The Nigeria Infrastructure Debt Fund (NIDF), managed by Chapel Hill Denham, has pioneered institutional financing for greenfield infrastructure projects in the country, introducing a model that prior funds had avoided, focusing instead on operational refinancing.
NIDF has attracted participation from all major pension fund administrators, development finance institutions, and sovereign investors, demonstrating that infrastructure debt can function as a core, not marginal, asset class for Nigerian institutional capital.
The fund has financed projects across power, digital infrastructure, transport, energy transition, and social assets.
The Returns Are Already Speaking for Themselves
Nigeria’s most compelling case for capital market-led infrastructure finance is already listed on the Nigerian Exchange.
NIDF’s total return index rose to 415.19 by December 2025, from 343.2 in 2024 and a 2017 base of 100, delivering 315% cumulative returns through 34 unbroken quarterly distributions.
In 2025 alone, the fund posted N23.6 billion pre-tax profit, driven by N21.5 billion in interest income from a loan book that expanded 22.26% year-on-year, with members’ funds at N130.7 billion.
These are the numbers of a structurally sound, development-aligned asset class that has financed over 40 resilient projects, including pipelines, marine assets, off-grid solar, and telecom towers, with zero non-performing loans across multiple shocks.
By catalysing more than eight successor funds, NIDF has created a template that, scaled through a National Deal Room, could simultaneously deepen returns for pension contributors and close Nigeria’s infrastructure gap.

What Must Shift and Who Must Move
Nigeria’s infrastructure-finance case is proven; the challenge now is execution at scale. According to Balogun, the task is to turn a compelling structural argument into coordinated, time-bound action across fiscal, regulatory, and market institutions.
- First, the government must stop crowding out the market it needs. Borrowing trillions of naira to service debt while compressing capital expenditure is unsustainable. A credible medium-term fiscal consolidation plan that steadily reduces debt service as a share of revenue is essential to restore confidence and create space for market-led infrastructure financing.
- Second, PenCom must activate, rather than permit, infrastructure allocation. Pension funds can allocate up to 20% of assets to qualifying instruments; however, actual exposure is below 1%, constrained by a thin pipeline of eligible projects. Turning guidelines into deployment requires proactive collaboration with fund managers, sponsors, DFIs, and the SEC.
- Third, the capital market must build a project pipeline infrastructure, not only securities. A National Deal Room would institutionalise disciplined project origination, preparation, and matching, extending the NIDF model to the system level.
- Fourth, regulation must reward patient capital. Rules on fees, capital requirements, and concentration limits need to reflect the economics of long-duration infrastructure funds, rather than treating them like liquid equity vehicles.

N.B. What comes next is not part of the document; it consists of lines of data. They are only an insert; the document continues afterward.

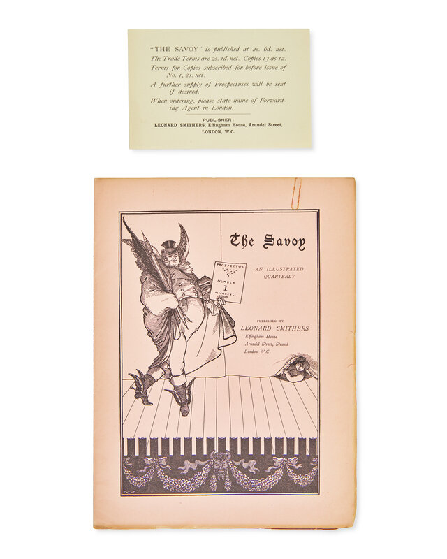 Lot includes a printed prospectus for The Savoy, dated November 1895. Publisher's stiff printed pink wrappers; "John Bull" version. Lasner 103A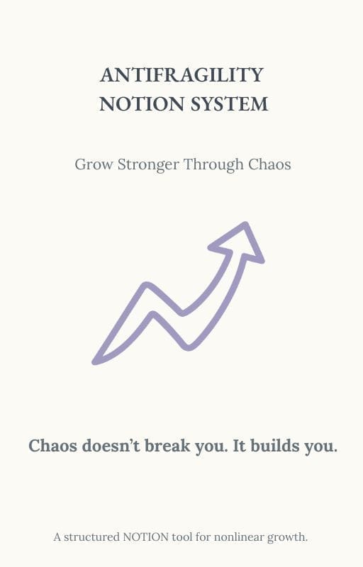 Track your stress, analyze your reactions, and train antifragile responses.Helps you extract growth from every chaotic event and build real resilience.This practical Notion system includes templates, methodology, action guide.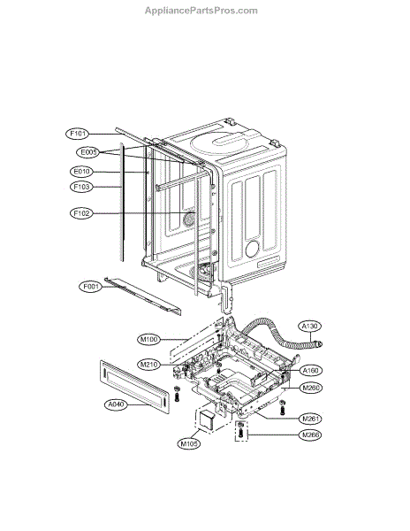 The Outer Door Seal is an OEM replacement part for LG dishwasher doors. Situated around the door opening, it creates a tight seal when closed to contain moisture, heat, and germs within the wash chamber. Proper door sealing is essential for sanitization, drying performance, and protection of surrounding cabinetry. Causes can be deterioration of sealing material over extended use, cracks or deformities allowing passage of water and air, or damage from closing force on the rigid door. Symptoms of a bad seal include: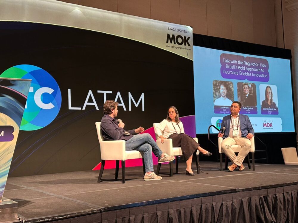 Luego, se desarrolló una charla de alto perfil con los reguladores de Brasil, Carlos Queiroz y Júlia Normande Lins (directores de la SUSEP), moderados por José Prado (Insurtech Brasil). Allí se repasaron los avances del sandbox regulatorio (regulado por ley desde el 2021) y del Open Insurance brasileño, considerado uno de los pocos modelos del mundo formalmente implementados.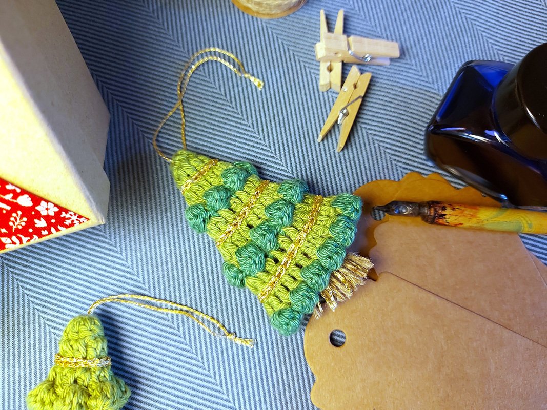Du kannst jede Art von Wolle benutzen, somit toll, um Reste aufzubrauchen. Die Größe des Baums ändert sich natürlich, wenn dickere Wolle benutzt wird.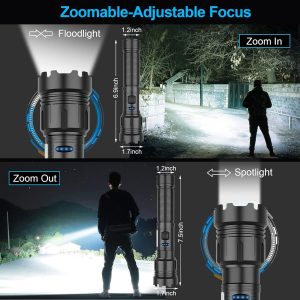 1.Super Bright LED flashlight—Upgrade High Lumen XPH50 LED, illuminate 10000 lumen easily light up over the length of whole football fields 100 times brighter than old incandescent lights. 10times Brighter then normal led lashlight.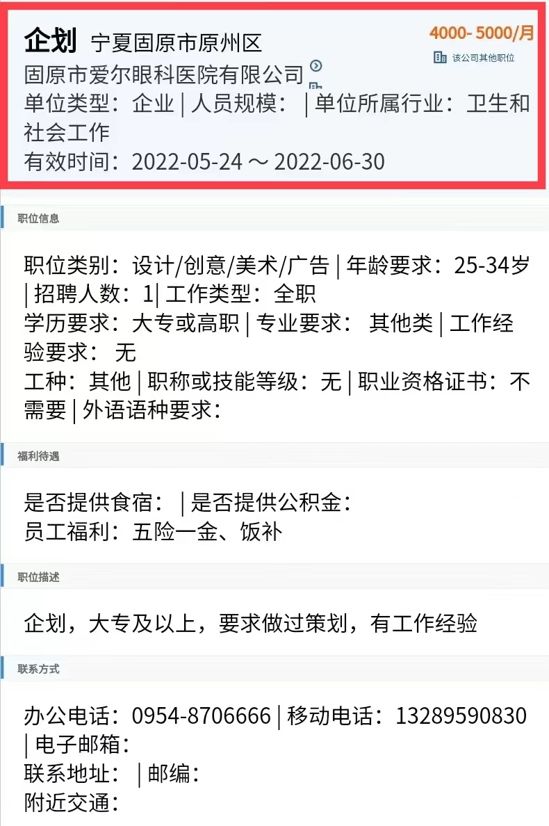 公司:固原市爱尔眼科医院有限公司
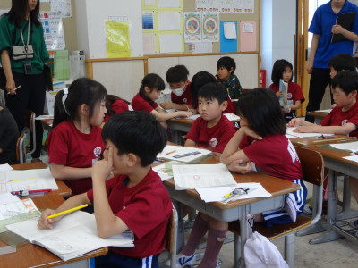 その後、1年生の家庭科や理科、英語科、社会科等の授業を参観させていただきました。子どもたちはどんな学習をしているのか真剣に見ていました。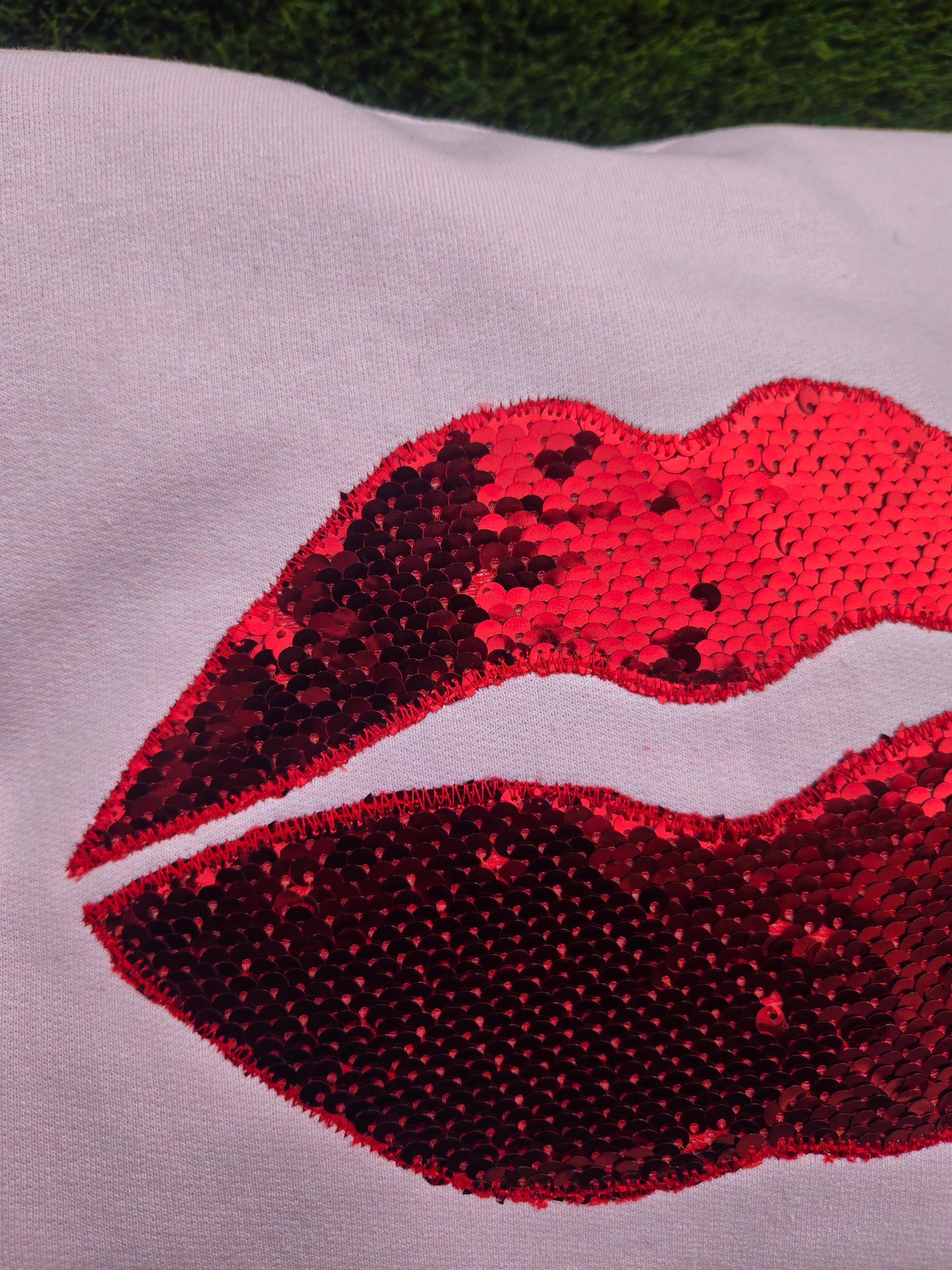 Get ready to spread love and style with our Sequin Lips Xoxo Applique Embroidery sweatshirt!

Path Forward – From Blueprint to Market at Scale
Nigeria’s infrastructure gap is structural, but it is not insurmountable. The NIDF model, underpinned by a decade of regulatory work from Chapel Hill Denham, PenCom, the SEC, and NGX, shows that disciplined, market-led infrastructure finance can scale.
The imperative now is to move from proof of concept to national architecture: more funds, more listed instruments, a credible National Deal Room, and fiscal consolidation that stops government crowding out institutional capital.
Nigeria’s N29.43 trillion pension pool is constrained less by appetite than by a shortage of bankable projects, a gap only coordinated action can close.